The better conversation, the more meaningful and impactful one, is which framework helps me write software faster, with more quality, and with more happiness.

I agree with lots of the points Nate makes and I like him and the post, but still it rubbed me the wrong way a bit. While it also states the above, it makes it seem like people just switch languages for the performance gains. And that brought up a topic that has been bugging me for a while: If you’re switching your main language purely for performance, there’s a high chance you’re doing it wrong. Honestly, if all we cared about was performance we’d all still be writing Assembly, or C/C++ at least.

It’s also true, that performance is often hyped a lot around new languages and specifically Elixir can also be guilty of that. And sure, performance is great and we read some amazing stories about that. Two of the most prominent adoption stories that I can recall are usually cited and referred to for their great performance numbers. There is Pinterest “our API responses are in microseconds now” and there is Bleacher Report “we went from 150 servers to 5”. If you re-read the articles though, other benefits of elixir are mentioned as well ore are even discussed more than  performance or even more.

The Pinterest article focuses first on Elixir as a good language, performance is arguably secondary in the post. Before we ever talk about microseconds there is lots of talk such as:

The language makes heavy use of pattern matching, a technique that prevents *value* errors which are much more common than *type* errors. It also has an innovative pipelining operator, which allows data to flow from one function to the next in a clear and easy to read fashion.

Then the famous microseconds drops in one paragraph, and then it immediately turns around and talks about code clarity again:

We’ve also seen an improvement in code clarity. We’re converting our notifications system from Java to Elixir. The Java version used an Actor system and weighed in at around 10,000 lines of code. The new Elixir system has shrunk this to around 1000 lines.

The Bleacher Report article has performance in its headline and at its heart, but it also mentions different benefits of Elixir:

The new language has led to cleaner code base and much less technical debt, according to Marx. It has also increased the speed of development(…)

So why do people rave about performance so much? Performance numbers are “objective”, they are “rationale”, they are impressive and people like those. It’s an easy argument to make that bleacher report uses just 5 servers instead of 150 in the old ruby stack. That’s a fact. It’s easy to remember and easy to put into a headline. Discussing the advantages of immutable data structures, pattern matching and “let it crash” philosophy is much more subjective, personal and nuanced.

Before we jump in, this blog post is general but some specific points might resonate the best with a ruby crowd as that is my main programming language/where I’m coming from. So, from other languages some of the points I’ll make will be like “meh I already got this” while I might miss out obvious cool things both Ruby and Elixir have.

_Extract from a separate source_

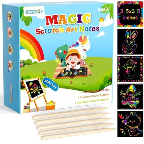 Amazon - Smasiagon Rainbow Scratch Arts for Kids - 125 Mini Craft Paper Notes - Art Supplies Party Favors Kids Toys Easter Basket Stuffers - Birthday Gift Classroom Game Toy for Girls Boys
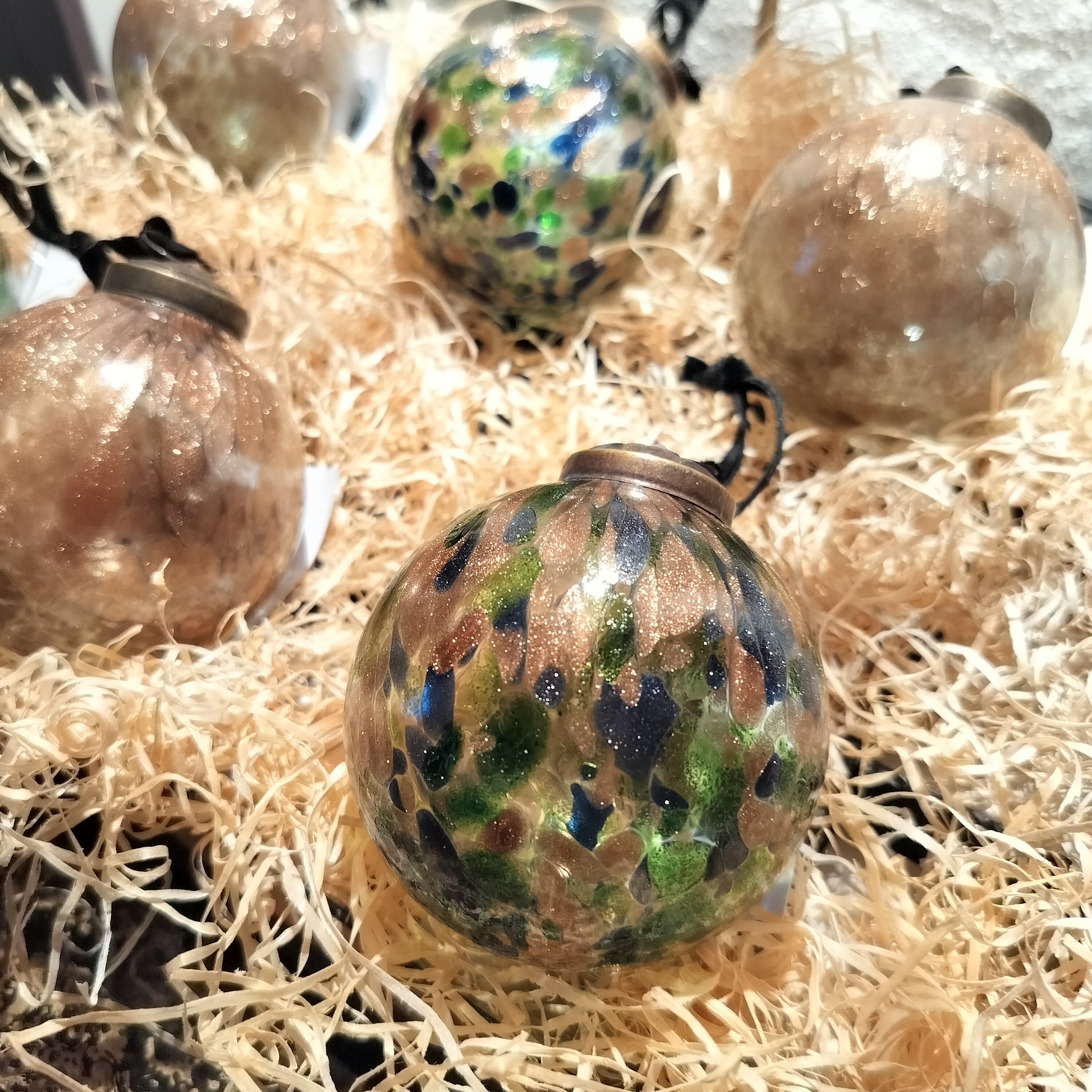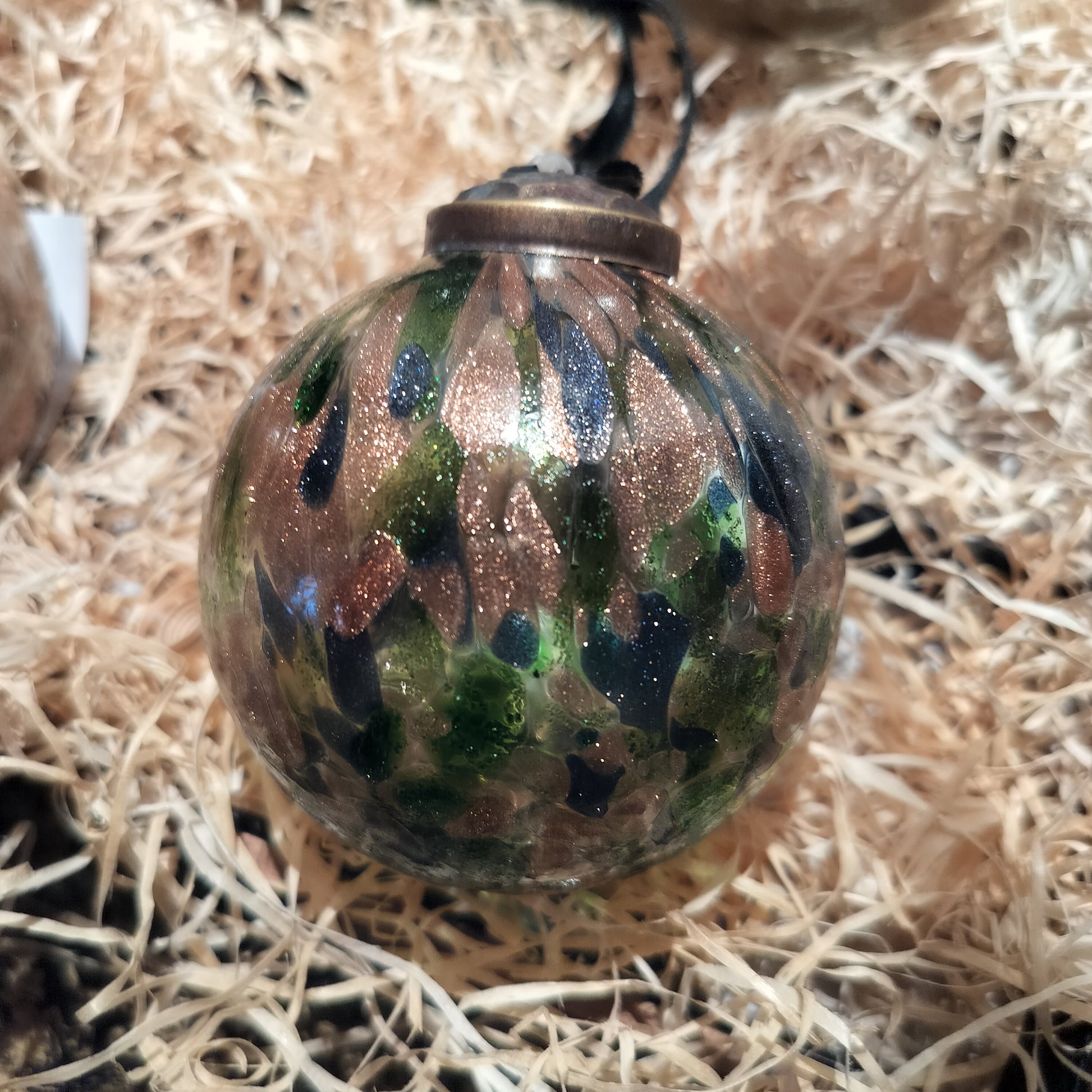 Skab en magisk og elegant julestemning med denne håndlavede Aurora glaskugle, rullet i et glimtende miks af grønne, blå og bronze glasskår.

Hence, after this lengthy introduction let’s focus on something different – what makes Elixir a language worth learning – how can it make day to day coding more productive in spite of performance? 

Let’s get some performance stuff out of the way first…

(The irony of starting the first section of a blog post decisively not about performance by discussing performance is not lost on me)

First, I wanna touch the topic of performance again really quickly – does it really not matter? Can we seamlessly scale horizontally? Does performance not impact productivity?

Well it certainly does, as remarked by Devon:

In a more general sense, if my runtime is already fast enough I don’t need to bother with more complex algorithms and extra concepts. I can just leave it as is. No extra engineering spent on “making it faster” – just on to the next. That’s a good thing. Especially caching can be just wonderful to debug.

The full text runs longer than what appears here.